Could you retype all of the records exactly, leaving out every picture?

(Data shown):
==================================================

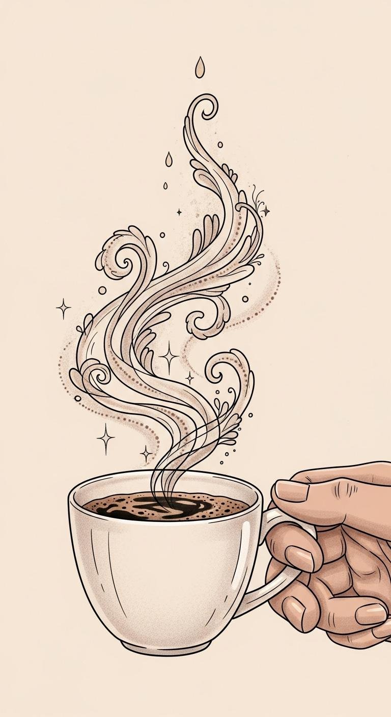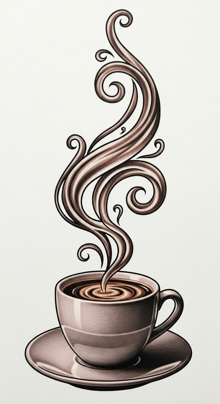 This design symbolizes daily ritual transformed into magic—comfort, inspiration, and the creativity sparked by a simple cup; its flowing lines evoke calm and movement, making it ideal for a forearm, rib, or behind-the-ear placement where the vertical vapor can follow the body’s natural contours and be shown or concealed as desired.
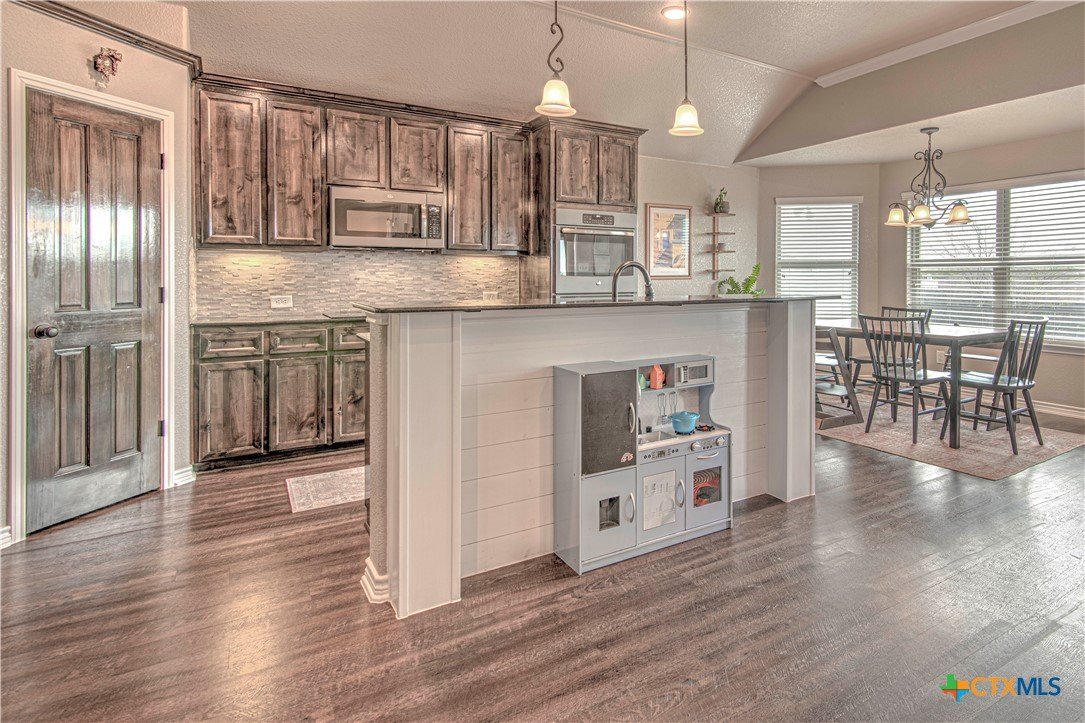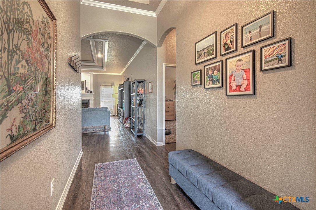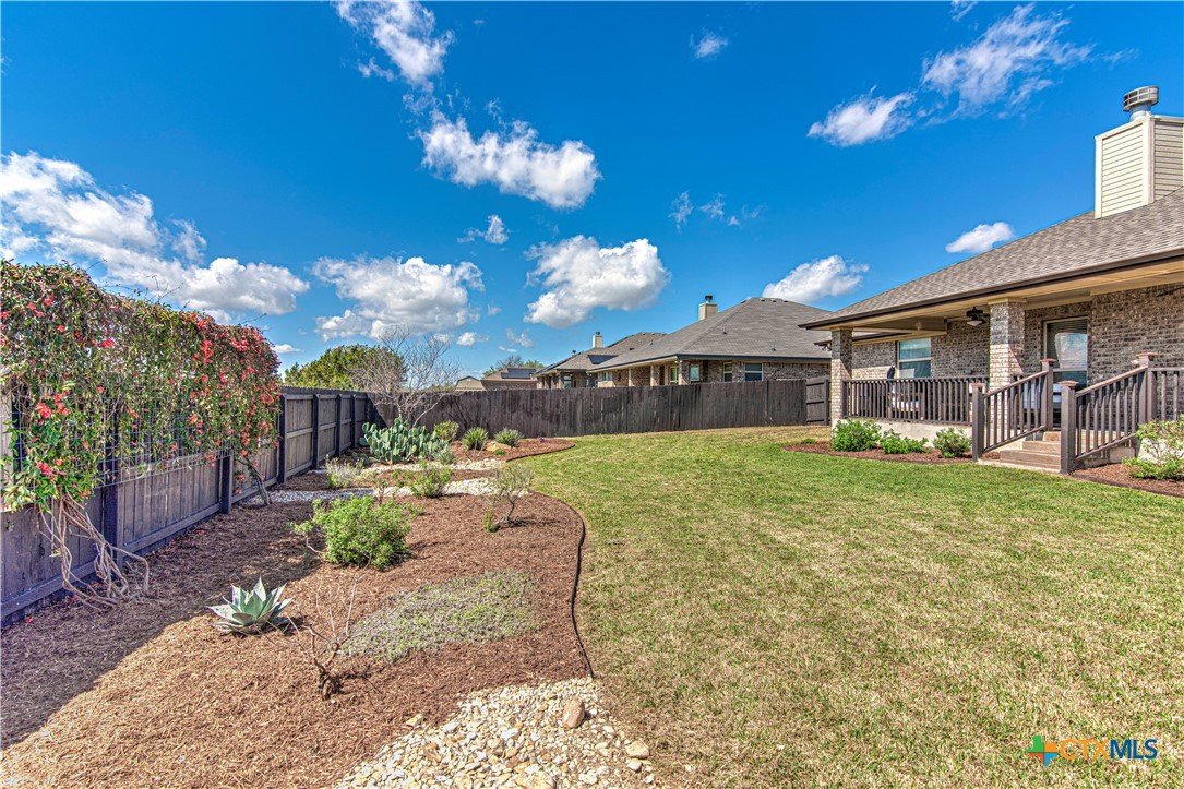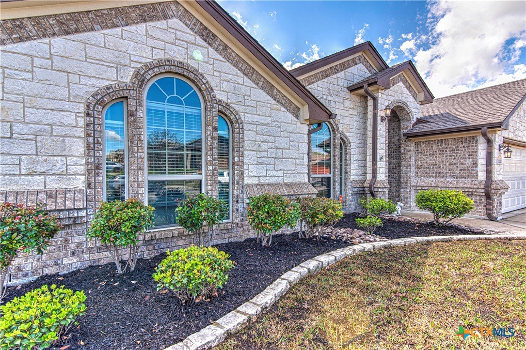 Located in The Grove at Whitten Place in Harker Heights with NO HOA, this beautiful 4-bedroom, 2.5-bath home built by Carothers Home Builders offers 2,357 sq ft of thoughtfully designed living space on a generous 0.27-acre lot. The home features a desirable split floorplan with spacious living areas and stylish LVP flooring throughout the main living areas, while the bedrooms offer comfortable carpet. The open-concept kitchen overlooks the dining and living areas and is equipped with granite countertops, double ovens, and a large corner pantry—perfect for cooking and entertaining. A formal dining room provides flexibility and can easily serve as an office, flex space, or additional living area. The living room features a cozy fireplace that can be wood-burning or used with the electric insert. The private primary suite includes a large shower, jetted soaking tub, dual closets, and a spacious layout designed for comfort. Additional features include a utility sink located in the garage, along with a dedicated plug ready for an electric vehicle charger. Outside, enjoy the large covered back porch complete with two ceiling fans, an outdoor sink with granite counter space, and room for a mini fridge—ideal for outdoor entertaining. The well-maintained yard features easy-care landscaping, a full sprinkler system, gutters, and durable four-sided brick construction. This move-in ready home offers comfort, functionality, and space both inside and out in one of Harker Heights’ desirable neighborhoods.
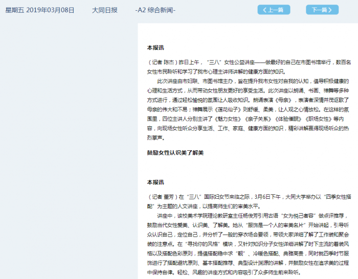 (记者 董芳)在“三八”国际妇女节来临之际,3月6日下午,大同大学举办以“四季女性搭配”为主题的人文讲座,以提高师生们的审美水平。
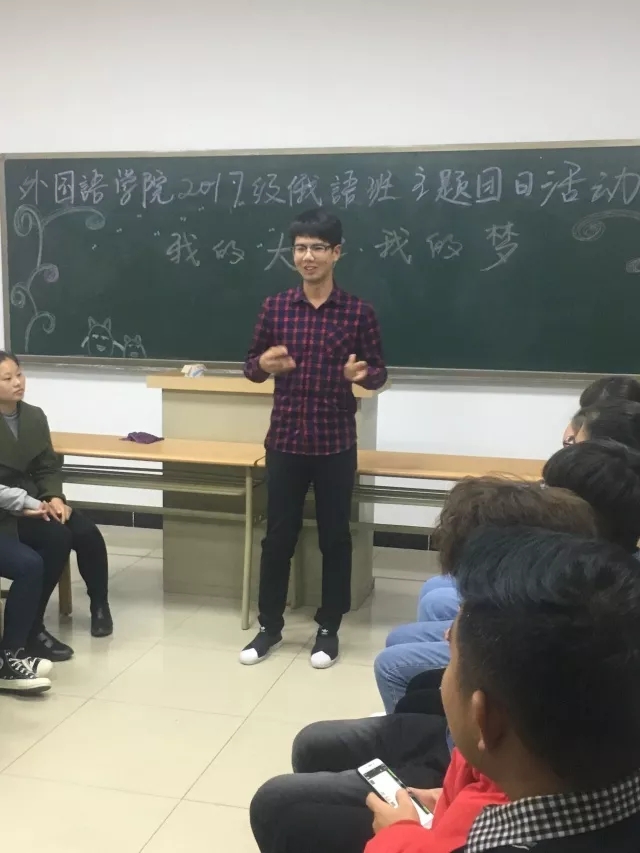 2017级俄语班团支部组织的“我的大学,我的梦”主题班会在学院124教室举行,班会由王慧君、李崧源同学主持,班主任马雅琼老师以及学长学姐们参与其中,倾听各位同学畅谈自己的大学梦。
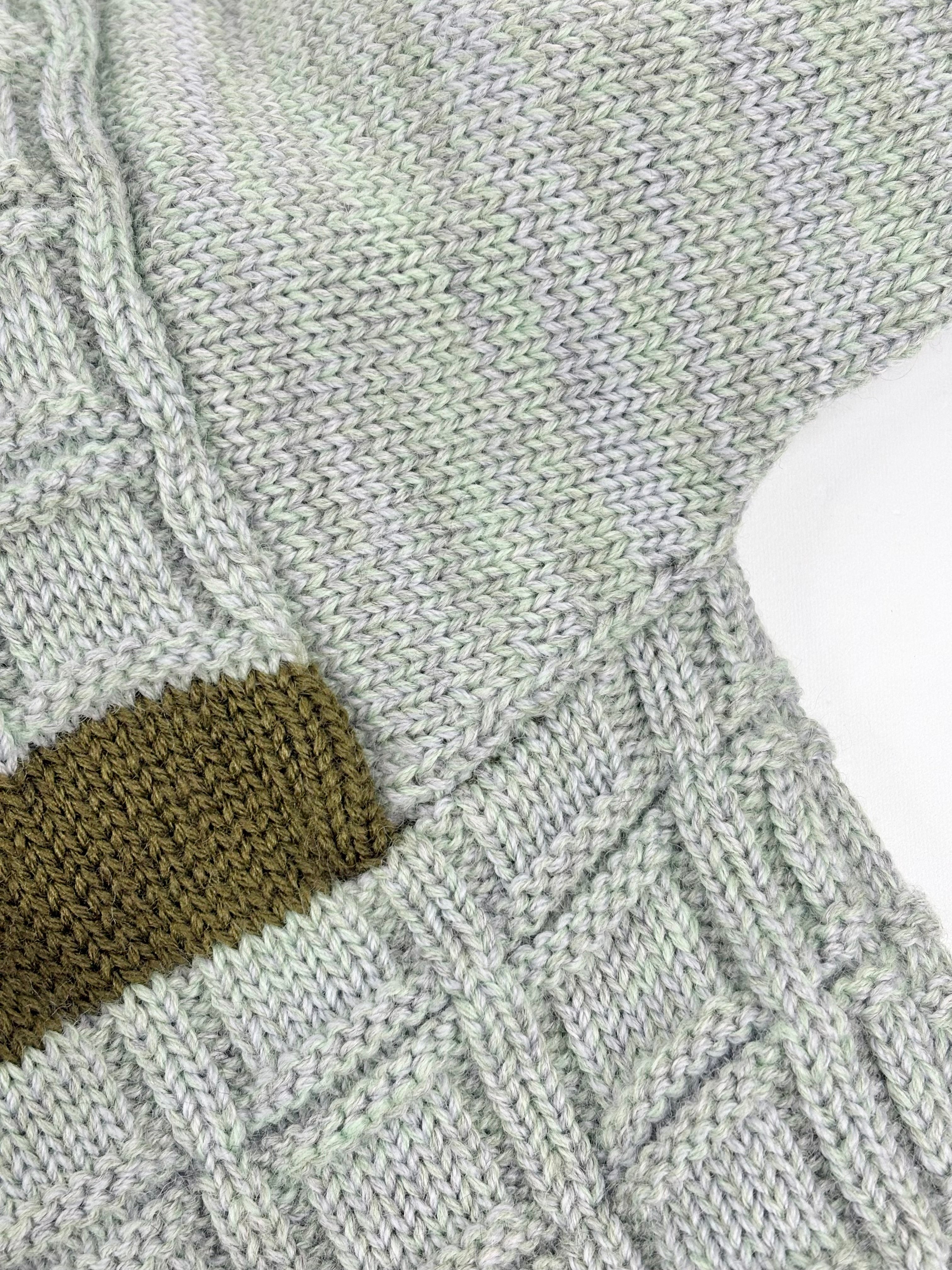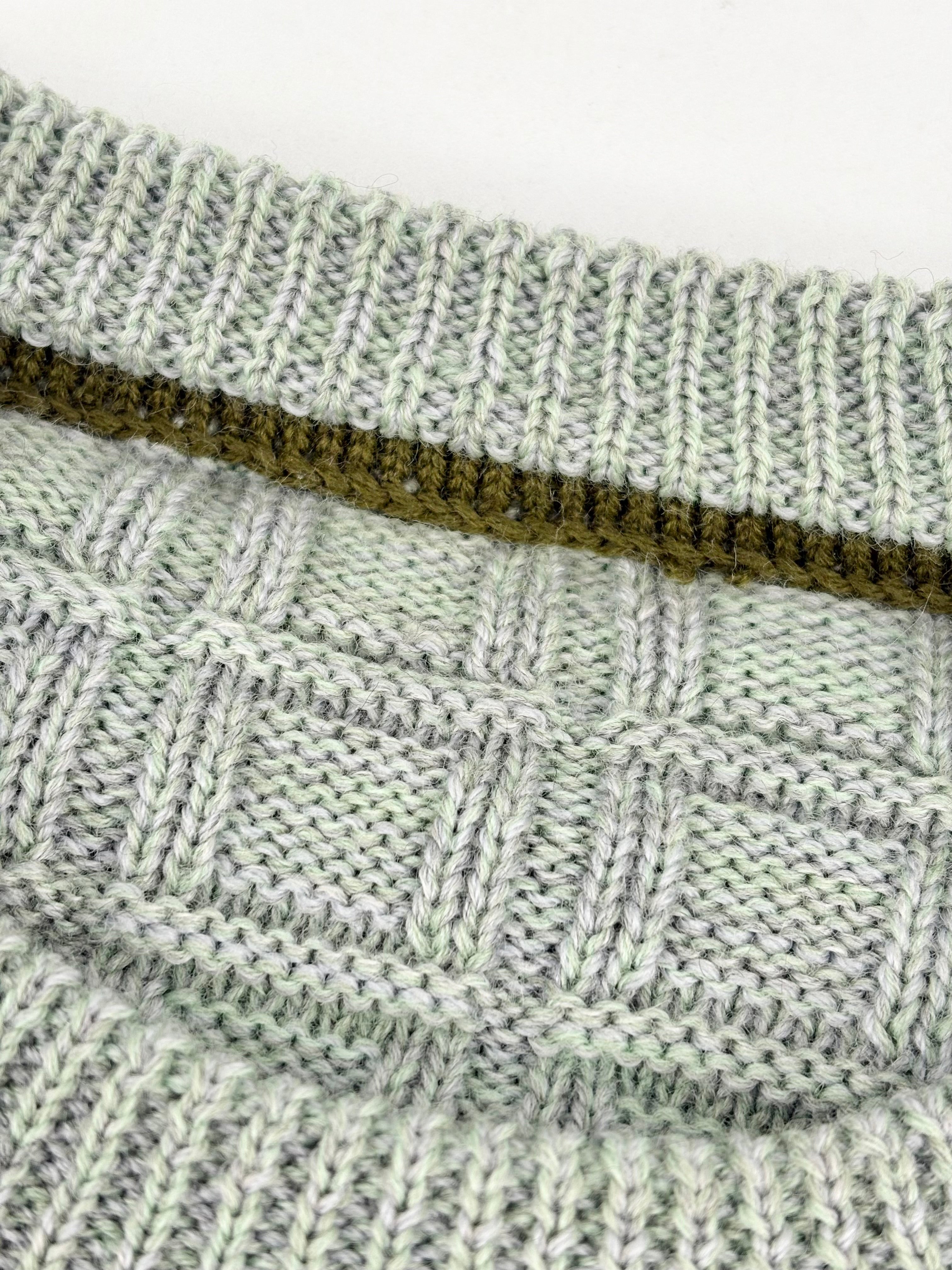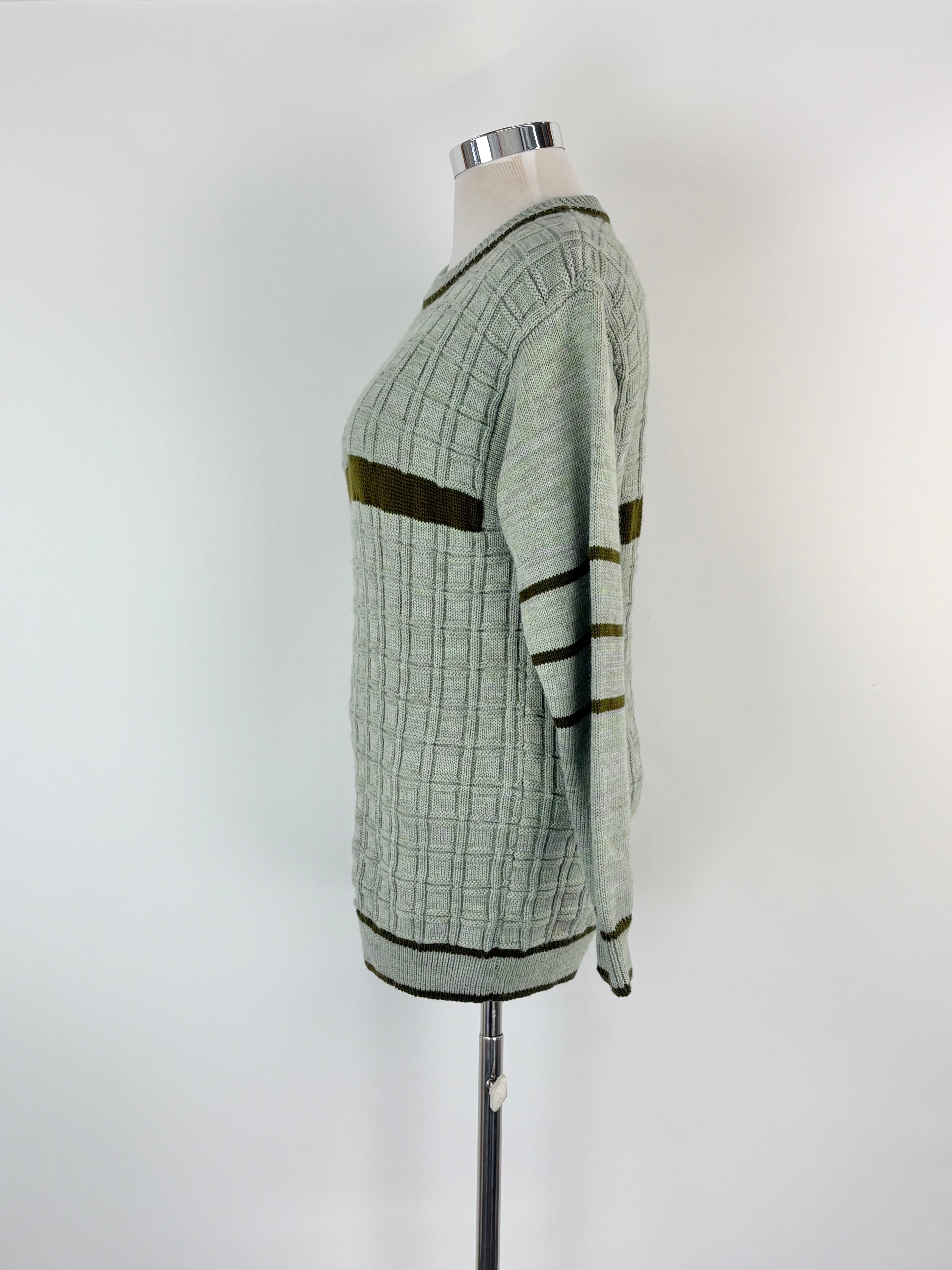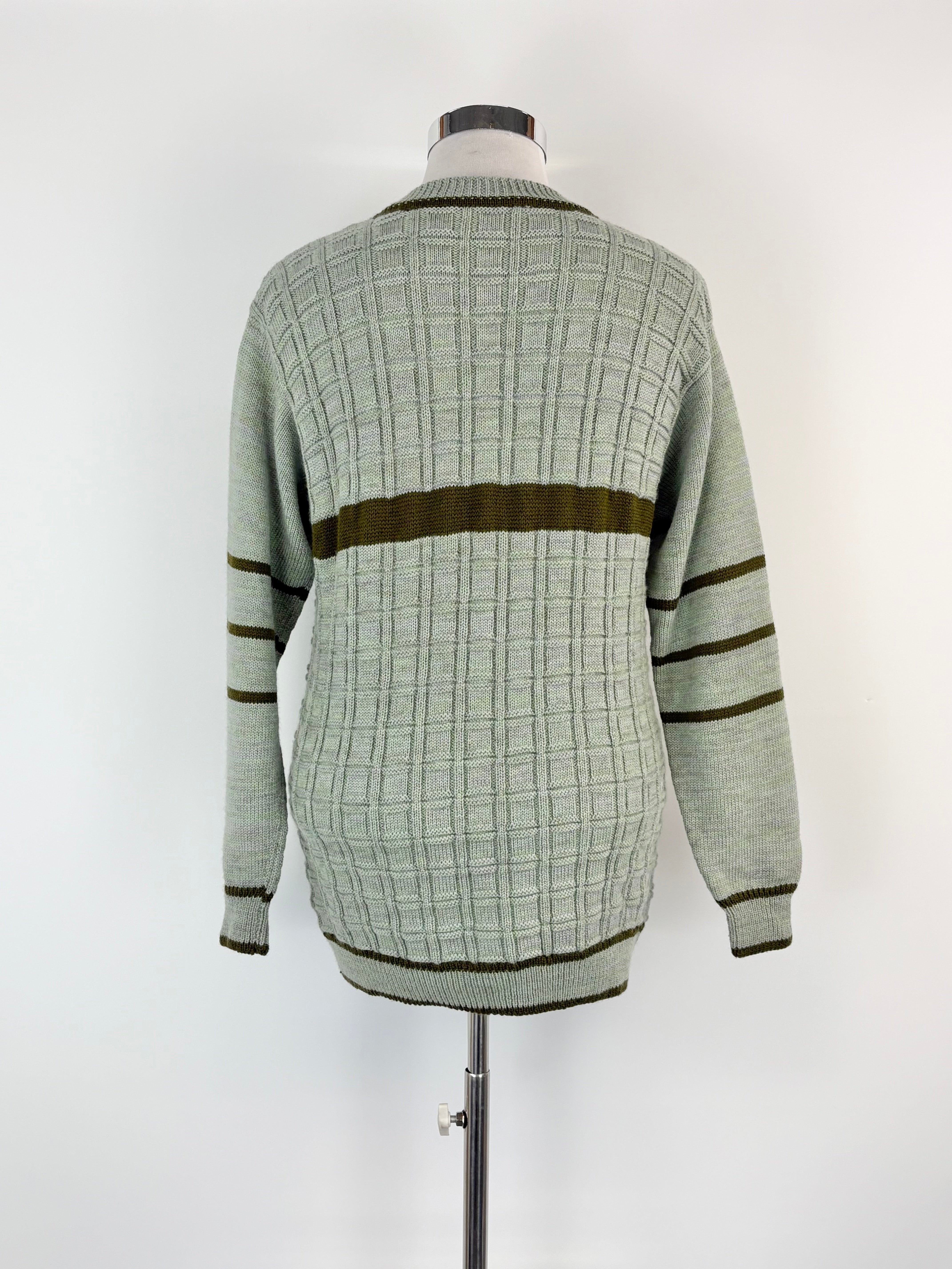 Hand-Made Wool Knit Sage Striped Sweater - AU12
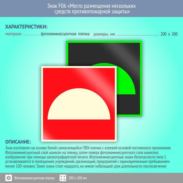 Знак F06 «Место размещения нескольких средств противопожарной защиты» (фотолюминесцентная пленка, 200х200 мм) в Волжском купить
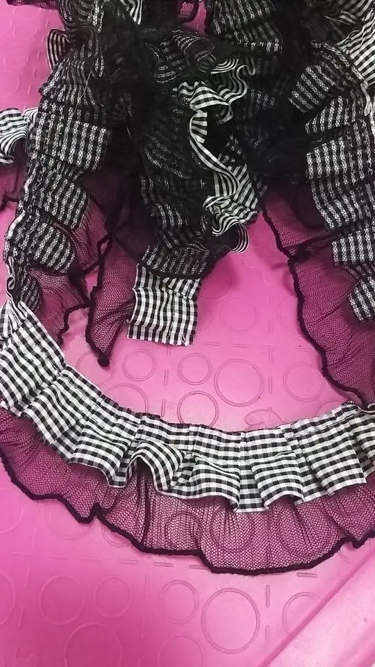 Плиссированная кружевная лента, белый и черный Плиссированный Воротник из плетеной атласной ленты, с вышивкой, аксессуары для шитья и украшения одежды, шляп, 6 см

==================================================

(The answer):
 This design symbolizes daily ritual transformed into magic—comfort, inspiration, and the creativity sparked by a simple cup; its flowing lines evoke calm and movement, making it ideal for a forearm, rib, or behind-the-ear placement where the vertical vapor can follow the body’s natural contours and be shown or concealed as desired.
 Located in The Grove at Whitten Place in Harker Heights with NO HOA, this beautiful 4-bedroom, 2.5-bath home built by Carothers Home Builders offers 2,357 sq ft of thoughtfully designed living space on a generous 0.27-acre lot. The home features a desirable split floorplan with spacious living areas and stylish LVP flooring throughout the main living areas, while the bedrooms offer comfortable carpet. The open-concept kitchen overlooks the dining and living areas and is equipped with granite countertops, double ovens, and a large corner pantry—perfect for cooking and entertaining. A formal dining room provides flexibility and can easily serve as an office, flex space, or additional living area. The living room features a cozy fireplace that can be wood-burning or used with the electric insert. The private primary suite includes a large shower, jetted soaking tub, dual closets, and a spacious layout designed for comfort. Additional features include a utility sink located in the garage, along with a dedicated plug ready for an electric vehicle charger. Outside, enjoy the large covered back porch complete with two ceiling fans, an outdoor sink with granite counter space, and room for a mini fridge—ideal for outdoor entertaining. The well-maintained yard features easy-care landscaping, a full sprinkler system, gutters, and durable four-sided brick construction. This move-in ready home offers comfort, functionality, and space both inside and out in one of Harker Heights’ desirable neighborhoods.
 (记者 董芳)在“三八”国际妇女节来临之际,3月6日下午,大同大学举办以“四季女性搭配”为主题的人文讲座,以提高师生们的审美水平。
 2017级俄语班团支部组织的“我的大学,我的梦”主题班会在学院124教室举行,班会由王慧君、李崧源同学主持,班主任马雅琼老师以及学长学姐们参与其中,倾听各位同学畅谈自己的大学梦。
 Hand-Made Wool Knit Sage Striped Sweater - AU12
 Знак F06 «Место размещения нескольких средств противопожарной защиты» (фотолюминесцентная пленка, 200х200 мм) в Волжском купить
 Плиссированная кружевная лента, белый и черный Плиссированный Воротник из плетеной атласной ленты, с вышивкой, аксессуары для шитья и украшения одежды, шляп, 6 см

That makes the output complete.